Activity >>
Return the listing exactly as it appears, but strip out the images.

Available data >>
=== Begin Enclosure ===

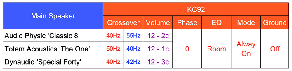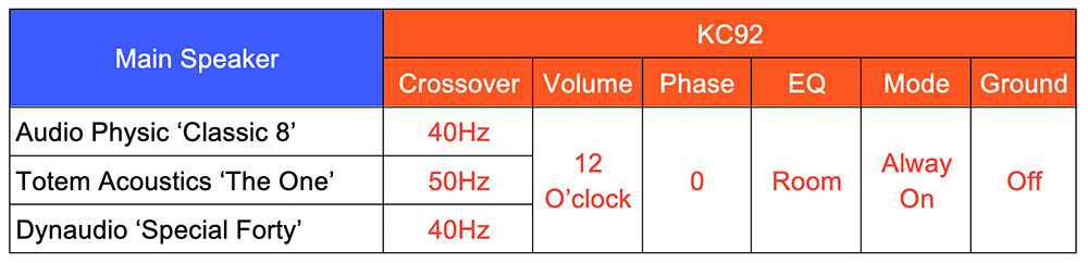 ส่วนกรอบด้านบนนี้คือการปรับตั้งฟังท์ชั่นอื่นๆ บนตัวซับวูฟเฟอร์ตอนเริ่มต้นก่อนไฟน์จูน โดยที่ตำแหน่งของ จุดตัดความถี่” (crossover) นั้นให้อ้างอิงกับความสามารถในการตอบสนอง ความถี่ต่ำสุดที่ลำโพงหลักสามารถทำได้ โดยดูได้จากตัวเลข Frequency Response ในสเปคฯ ของลำโพงหลัก จากตารางข้างบนนี้จะเห็นว่า ลำโพงบางคู่ อาทิเช่น Audio PhysicClassic 8นั้น จริงๆ แล้วตัวมันเองสามารถตอบสนองความถี่ต่ำลงไปได้ลึกถึง 35Hz แต่สเกลฯ จุดตัดต่ำสุดของวงจรครอสโอเว่อร์ในตัว KC92 มีมาให้แค่ 40Hz (คือเลือกได้ตั้งแต่ 40Hz – 140Hz) กรณีนี้จึงต้องเริ่มต้นที่ 40Hz ส่วนค่าอื่นๆ ก็ยึดตามที่ระบุไว้ในกรอบข้างบน
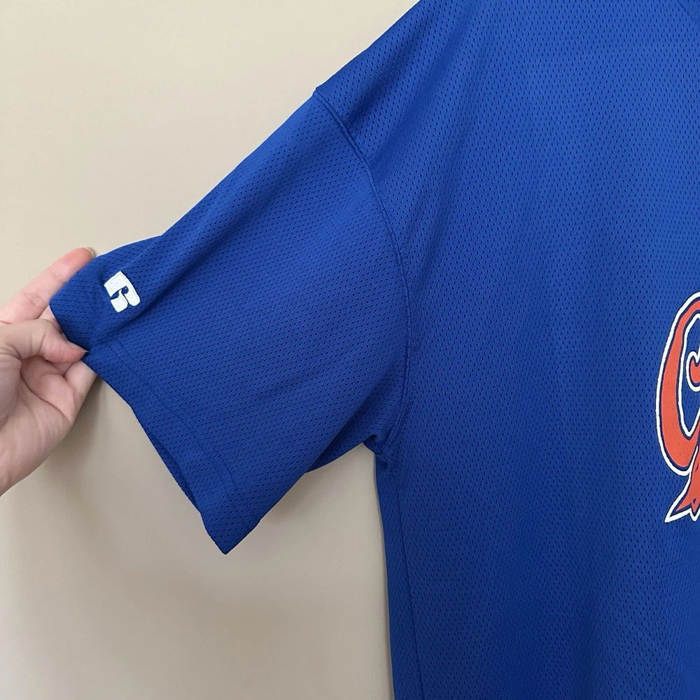 Men's XL Florida Gators Jersey Mesh Shirt Russell Athletic Henley Blue Orange approximate measurements lying flat length: 30" sleeve: 9" armpit to armpit: 25" 📦Packaged with care 📬 I will ship it out within 2 business days 🙂Smoke free home ♥️Offers welcome.
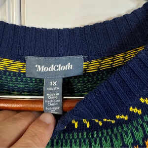 Modcloth Cozy Commitment Pumpkin Sweater Dress in Navy Size 1X Halloween Fall
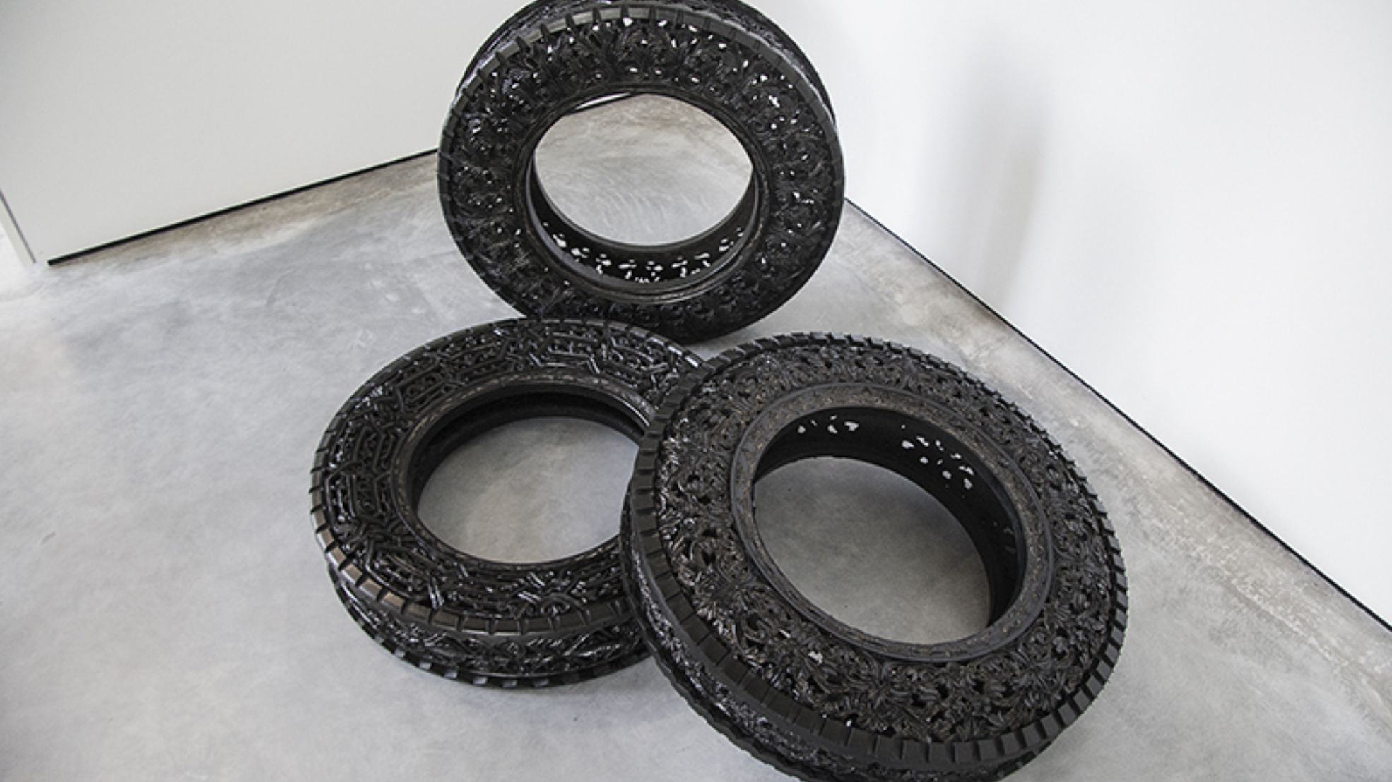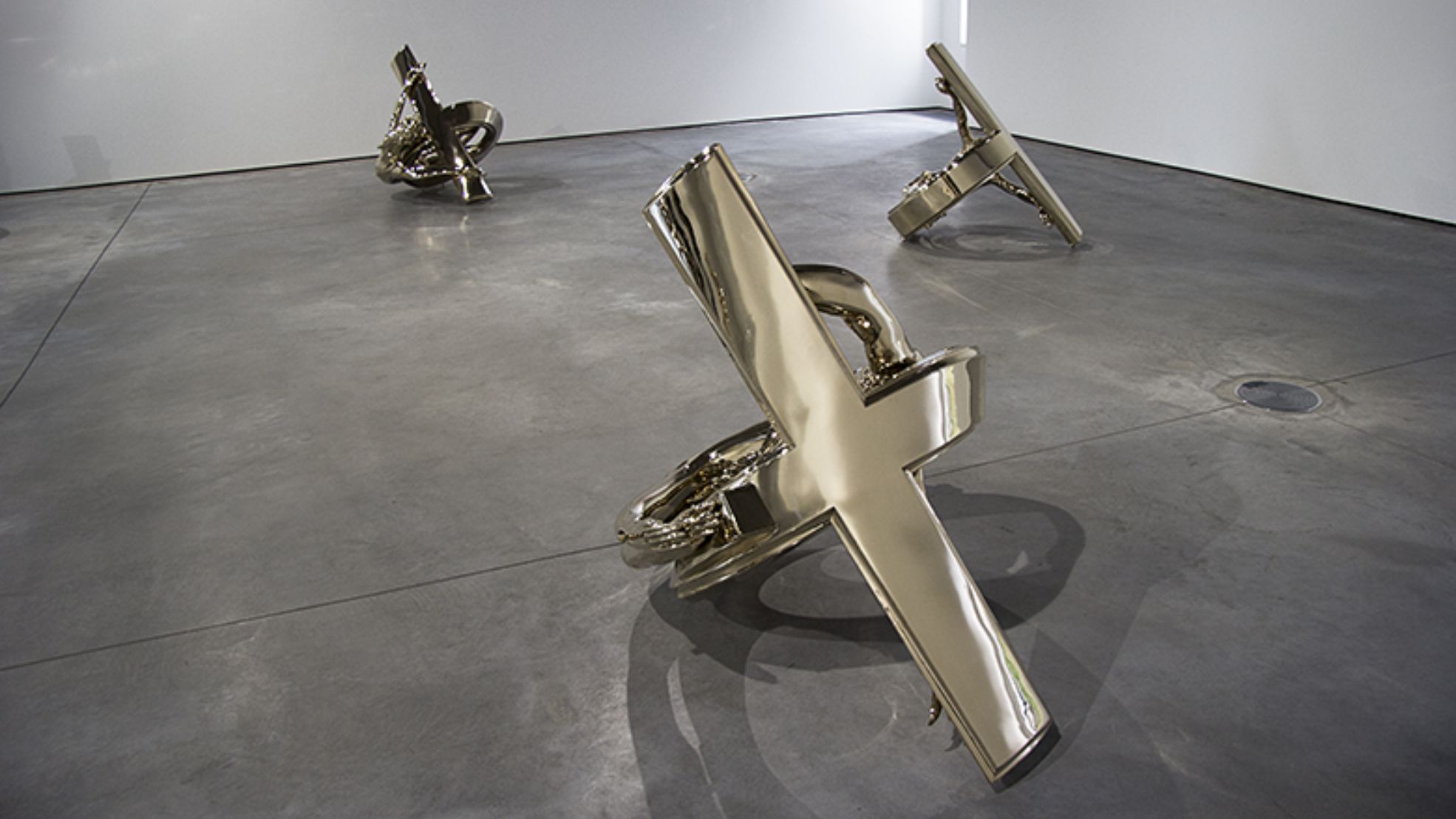 Удивляется распятиям, скрученным в кольца, которые наделали немало шума в Лувре несколько лет назад, и покрышкам, которые тоже вышли готичными. Свои работы в этот приезд Дельвуа выставил и в ГМИИ им. Пушкина: его газовые баллоны и прочие громоздкие, не вполне себе эстетические предметы человеческого обихода расписаны под античность и классику и вписаны в контекст экспонатов постоянной экспозиции Пушкинского.

=== End Enclosure ===

Answer space >>
 ส่วนกรอบด้านบนนี้คือการปรับตั้งฟังท์ชั่นอื่นๆ บนตัวซับวูฟเฟอร์ตอนเริ่มต้นก่อนไฟน์จูน โดยที่ตำแหน่งของ จุดตัดความถี่” (crossover) นั้นให้อ้างอิงกับความสามารถในการตอบสนอง ความถี่ต่ำสุดที่ลำโพงหลักสามารถทำได้ โดยดูได้จากตัวเลข Frequency Response ในสเปคฯ ของลำโพงหลัก จากตารางข้างบนนี้จะเห็นว่า ลำโพงบางคู่ อาทิเช่น Audio PhysicClassic 8นั้น จริงๆ แล้วตัวมันเองสามารถตอบสนองความถี่ต่ำลงไปได้ลึกถึง 35Hz แต่สเกลฯ จุดตัดต่ำสุดของวงจรครอสโอเว่อร์ในตัว KC92 มีมาให้แค่ 40Hz (คือเลือกได้ตั้งแต่ 40Hz – 140Hz) กรณีนี้จึงต้องเริ่มต้นที่ 40Hz ส่วนค่าอื่นๆ ก็ยึดตามที่ระบุไว้ในกรอบข้างบน
 Men's XL Florida Gators Jersey Mesh Shirt Russell Athletic Henley Blue Orange approximate measurements lying flat length: 30" sleeve: 9" armpit to armpit: 25" 📦Packaged with care 📬 I will ship it out within 2 business days 🙂Smoke free home ♥️Offers welcome.
 Modcloth Cozy Commitment Pumpkin Sweater Dress in Navy Size 1X Halloween Fall
 Удивляется распятиям, скрученным в кольца, которые наделали немало шума в Лувре несколько лет назад, и покрышкам, которые тоже вышли готичными. Свои работы в этот приезд Дельвуа выставил и в ГМИИ им. Пушкина: его газовые баллоны и прочие громоздкие, не вполне себе эстетические предметы человеческого обихода расписаны под античность и классику и вписаны в контекст экспонатов постоянной экспозиции Пушкинского.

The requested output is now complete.